O tempo que o BCE tem vindo a comprar pode, por isso, ter os dias contados e Portugal pode muito bem ter vindo a desperdiçar uma oportunidade para proceder às reformas necessárias e aumentar o potencial de crescimento de longo prazo da economia Portuguesa.  As medidas de estímulo do BCE não só permitiram a Portugal baixar os seus custos com pagamentos de financiamento como contribuíram para que os encargos com o endividamento público permanecessem menores, melhorando assim as dinâmicas de dívida pública. Em média, para o período de 2014 e 2016, os custos de funding caíram cerca de 150  pontos base para Espanha e Itália, e ainda mais para Portugal (cerca de 200 pontos base).

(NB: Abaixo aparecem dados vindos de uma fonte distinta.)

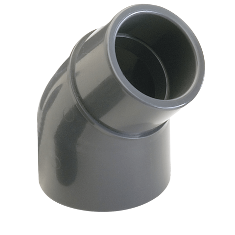 Könyök - 45º Kiváló minőségű, ragasztható, könnyű PVC-U könyök idom, belső menetes. Hosszú élettartam, kiemelkedő korrózióállóság és kopásállóság jellemzi. Felhasználhatósága egyszerű, összeszerelése praktikus és gyors. A PVC-U könyök egy csővezetéki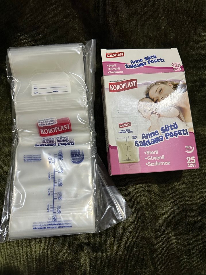 Koroplast anne sütü saklama poşetleri steril, güvenli ve sızdırmaz özellikte. 25 adet pastel beyaz poşet ölçü işaretli ve BPA içermez.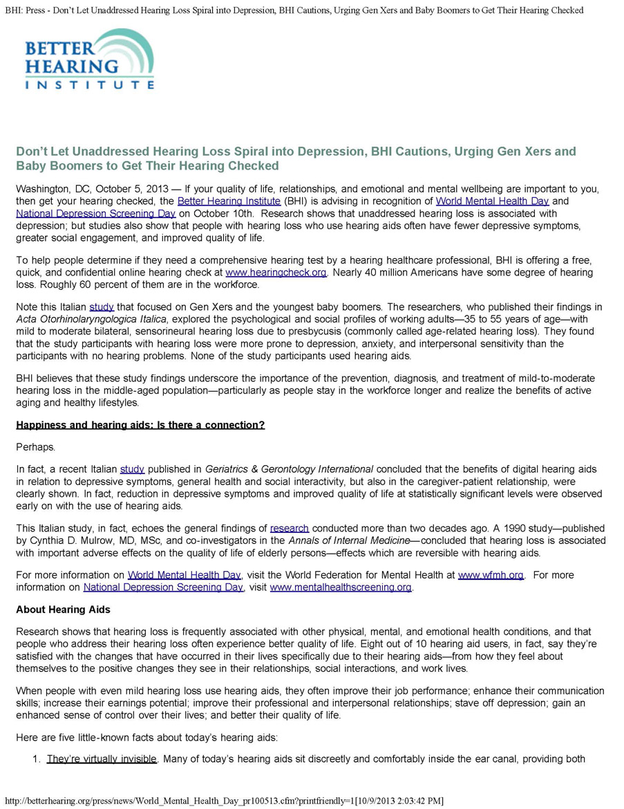 Unaddressed Hearing Loss and Depression

Mas a realidade é que esta folga orçamental criada artificialmente pelo BCE serviu, desde 2015 até ao momento, essencialmente para criar mais despesa (com o abandono do esforço de consolidação fiscal), o que fez com que se desperdiçasse o espaço criado com a redução do esforço de pagamento dos juros para aumentar o investimento público – fundamental para a criação de crescimento de médio e longo prazo.

Adicionalmente, o último ano e meio representou uma oportunidade perdida para Portugal proceder a reformas estruturais que gerassem confiança suficiente para incutir maior confiança nos credores e investidores. As principais agências de rating internacional mostraram reservas face ao rumo seguido pelo atual executivo, incluindo a DBRS, vital para o acesso ao financiamento português às linhas do BCE. O ímpeto reformista nos países deficitários da zona euro, onde se inclui Portugal, abrandou abruptamente desde 2011 de acordo com o último estudo da OCDE sobre o sucesso de implementação das recomendações do Organismo, o estudo Going for Growth.

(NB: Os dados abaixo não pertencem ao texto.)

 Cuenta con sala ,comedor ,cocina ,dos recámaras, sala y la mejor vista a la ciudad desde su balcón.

De pouco valerá por isso responsabilizar o BCE por sinalizar o princípio do fim dos estímulos. Com o fim da era dos preços baixos do petróleo, num ambiente global menos favorável em termos de política monetária e com um crescimento ainda incipiente da economia europeia, as fragilidades da economia, contas públicas e sistema financeiro nacional virão ao de cima e ficarão à vista dos investidores internacionais. Portugal colocou-se, novamente, na linha de tiro dos mercados financeiros. A manutenção do rating de investimento por parte da DBRS e a limitada capacidade do BCE para intervir nas emissões de dívida soberana poderão bem representar um novo cabo das tormentas para Portugal.